En effet, c’est le rôle des élu-e-s que de se soucier de la santé et du bien-être de la population. Vous pouvez aussi argumenter sur les services écologiques rendus par les milieux naturels, comme la filtration de l’eau et de l’air, ou encore le contrôle des inondations. Comprendre que la destruction des milieux naturels, qui rendent ces services gratuitement, peuvent entraîner des dépenses publiques importantes peut s’avérer bien convaincant-e-s pour certain-e-s décideurs-euses ! Cela dit, il ne faut pas perdre de vue que la nature n’a pas qu’une valeur monétaire, elle est aussi importante pour elle-même; c’est ce qu’on appelle sa valeur intrinsèque.

Enfin, depuis la COP15 qui s’est déroulée à Montréal en décembre 2022, plusieurs villes dans le monde se sont engagées à restaurer des milieux naturels dégradés (p.ex. l’Engagement de Montréal). Il s’agit donc d’un autre argument à explorer auprès de votre municipalité ! Il existe même des programmes de financement spécialement dédiés à la restauration.

Où trouver les ressources financières pour acquérir un milieu naturel afin de le protéger ?

Vous pouvez récolter les fonds nécessaires à l’acquisition d’un milieu naturel, ou contribuer à amasser ceux-ci, de plusieurs façons, faites preuve d’imagination ! Vous pouvez organiser une levée de fonds, en ligne avec une plateforme de sociofinancement (Zeffy, GoFundMe, La Ruche, etc.), faire du porte-à-porte, ou encore organiser des activités de type « souper spaghetti ». Vous pouvez solliciter des commandites pour vous aider à organiser des activités, comme une épicerie, une pépinière, ou même des artistes locaux pour offrir des cadeaux afin de remercier vos donateurs-trices.
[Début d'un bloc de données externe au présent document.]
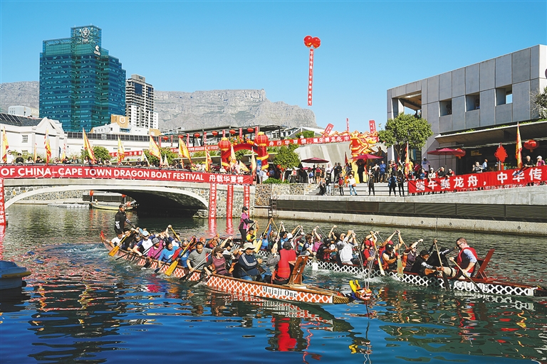 图为5月24日人们在南非开普敦参加龙舟比赛。新华社发

Vous pouvez aussi chercher des bailleurs de fonds (p.ex. la Fondation de la Faune du Québec, le Fonds d’héritage pour l’environnement), bien que cette recherche soit facilitée si votre groupe citoyen est constitué légalement. Cela dit, il ne suffit pas de faire l’acquisition d’un milieu naturel, il faut aussi en assurer l’entretien et faire des suivis afin d’en évaluer l’état. Par exemple, un achalandage trop important peut causer des dommages au milieu naturel; il faut en prendre connaissance et mettre en place des correctifs le cas échéant. Ainsi, pour s’assurer que le milieu naturel soit protégé adéquatement à perpétuité, il peut être préférable de collaborer avec un organisme de conservation existant (voir le répertoire du Réseau des milieux naturels protégés), ou encore de créer votre propre organisme de conservation.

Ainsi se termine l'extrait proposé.